Task instructions: Further down are entries; set down exactly and only the lines from the one with "大阪万博に行ってきました。万" up to and including the one with "Woman's White Jeweled", dropping each picture.

Data records:
....
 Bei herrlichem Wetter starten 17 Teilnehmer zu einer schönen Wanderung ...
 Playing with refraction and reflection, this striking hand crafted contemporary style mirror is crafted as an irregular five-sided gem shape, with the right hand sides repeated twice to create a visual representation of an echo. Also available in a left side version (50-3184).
....
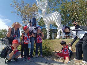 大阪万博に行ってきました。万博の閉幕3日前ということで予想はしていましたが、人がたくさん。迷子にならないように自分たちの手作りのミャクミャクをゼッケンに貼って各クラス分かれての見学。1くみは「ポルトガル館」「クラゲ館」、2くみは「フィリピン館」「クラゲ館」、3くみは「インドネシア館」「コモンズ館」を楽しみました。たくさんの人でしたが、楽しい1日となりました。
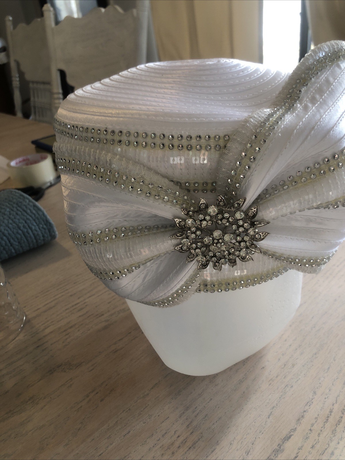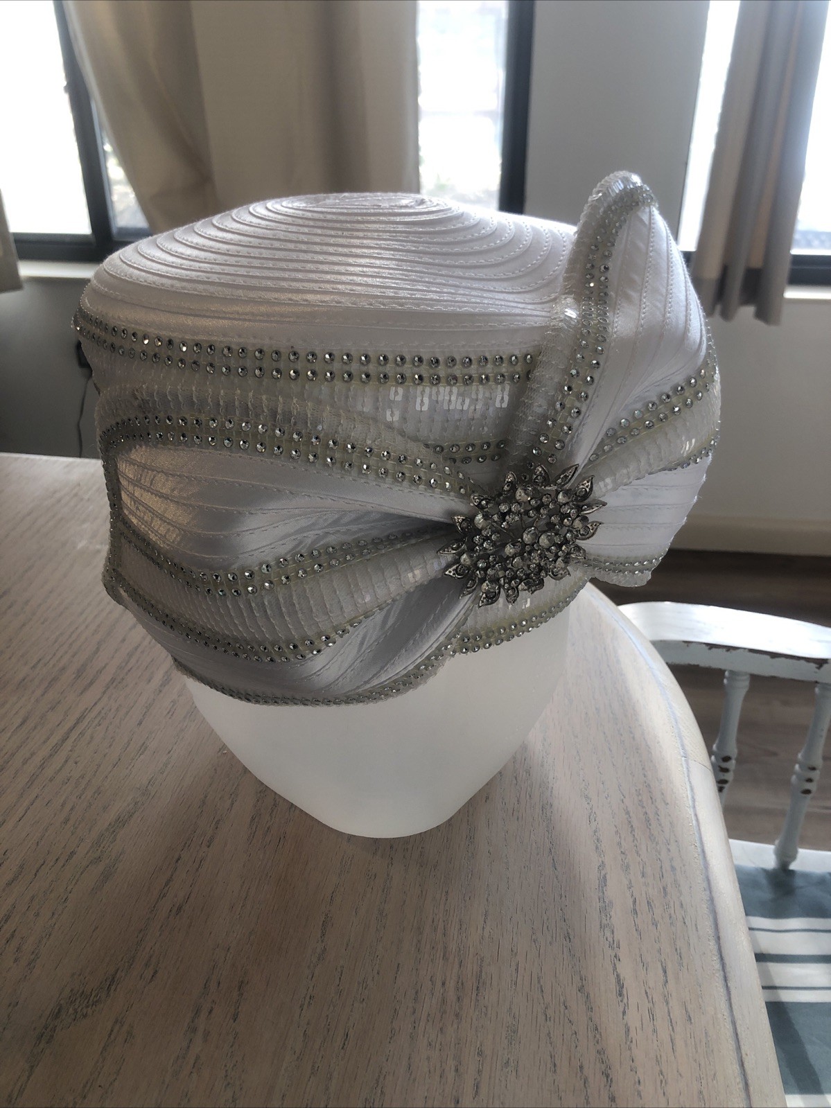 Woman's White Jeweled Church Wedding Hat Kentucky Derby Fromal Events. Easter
....
Task result:
 大阪万博に行ってきました。万博の閉幕3日前ということで予想はしていましたが、人がたくさん。迷子にならないように自分たちの手作りのミャクミャクをゼッケンに貼って各クラス分かれての見学。1くみは「ポルトガル館」「クラゲ館」、2くみは「フィリピン館」「クラゲ館」、3くみは「インドネシア館」「コモンズ館」を楽しみました。たくさんの人でしたが、楽しい1日となりました。
 Woman's White Jeweled Church Wedding Hat Kentucky Derby Fromal Events. Easter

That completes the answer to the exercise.